Martz Observatory
- Organization: The Marshal Martz Memorial Astronomical Association
- Location: Chautauqua County, New York (USA)
- Coordinates: 42°0′31″N 79°4′0″W﻿ / ﻿42.00861°N 79.06667°W
- Website: www.martzobservatory.org

= Martz Observatory =

Martz Observatory, now known as the Martz-Kohl Observatory, is a public, not-for-profit organization devoted to the amateur astronomer. The emphasis of the association is observational astronomy, well-rooted in public education and enjoyment of the starry skies. It was founded by, and eventually named after, Marshal Martz, an amateur astronomer from Jamestown, NY who built the first large telescope (a 30-inch reflector) ever used at the observatory.
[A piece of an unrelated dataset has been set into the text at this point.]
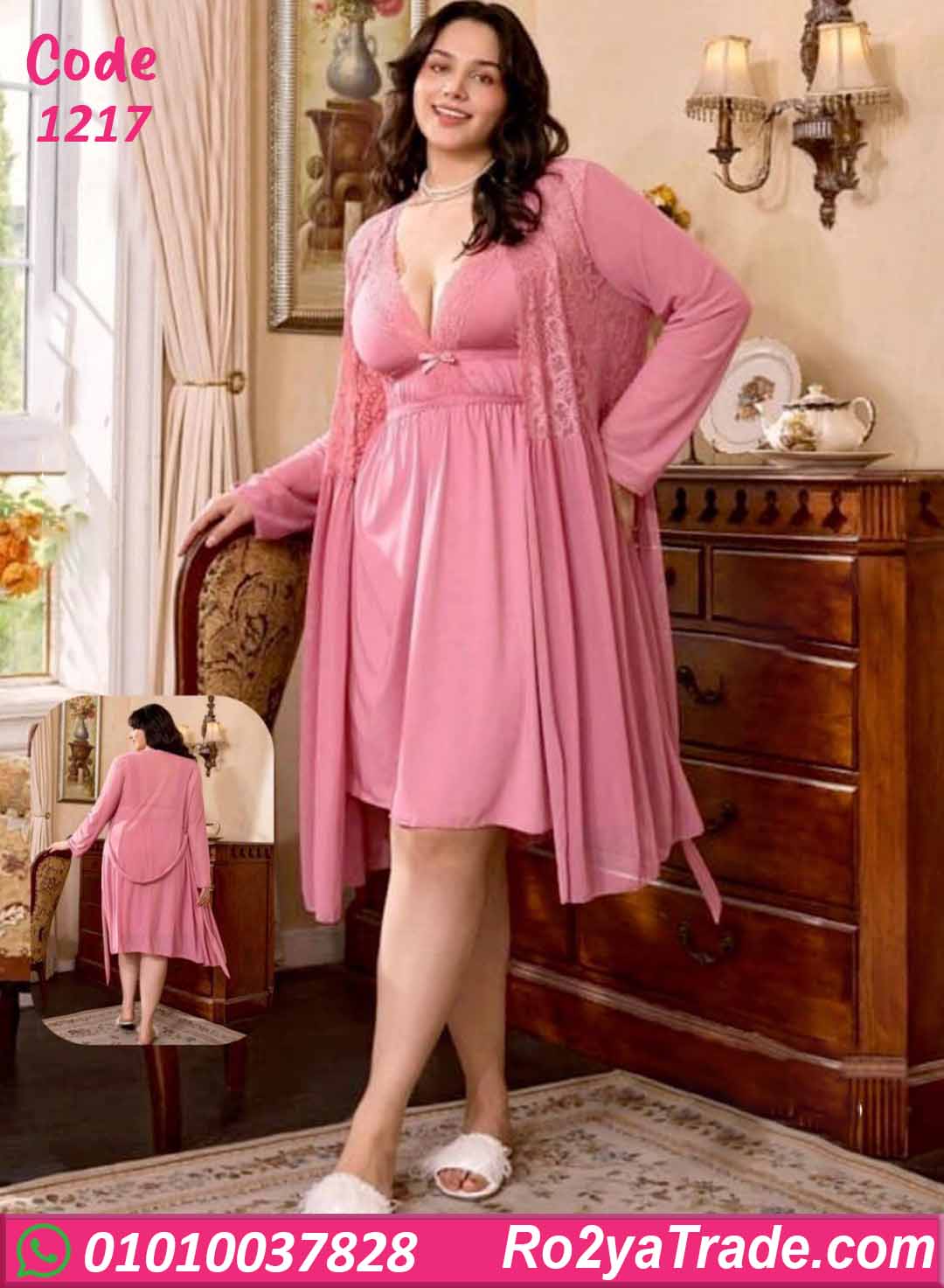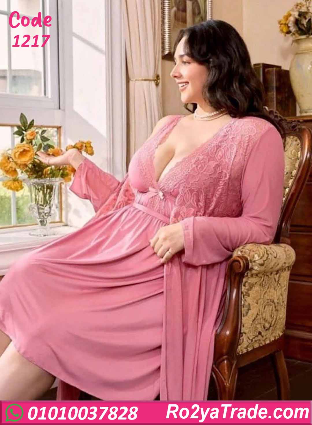 تصميم أنثوي ناعم بلون وردي جذاب مع دانتيل على الصدر والروب بيضيف لمسة شيك وراقية تخلي الطقم مثالي للبيت وللأوقات الخاصة.

The Marshal Martz Memorial Astronomical Association, Inc. was formed to carry out the following mission: “To inform, educate, and inspire the general public and support teaching in the sciences of astronomy and physics through accessible, engaging, and entertaining programs.”

The observatory is located just outside Frewsburg, NY (Chautauqua County) on six acres of rural property, and hosts weekly public observing nights. The main telescope, a 24-inch Dall-Kirkham Cassegrain reflector, can be controlled manually, or positioned from a nearby "control room" electronically. Several smaller telescopes, which members are free to use at their convenience, are located on the grounds.

The Martz Observatory serves as a public education site, as well as a satellite teaching facility for local institutions, particularly Jamestown Community College in nearby Jamestown, NY.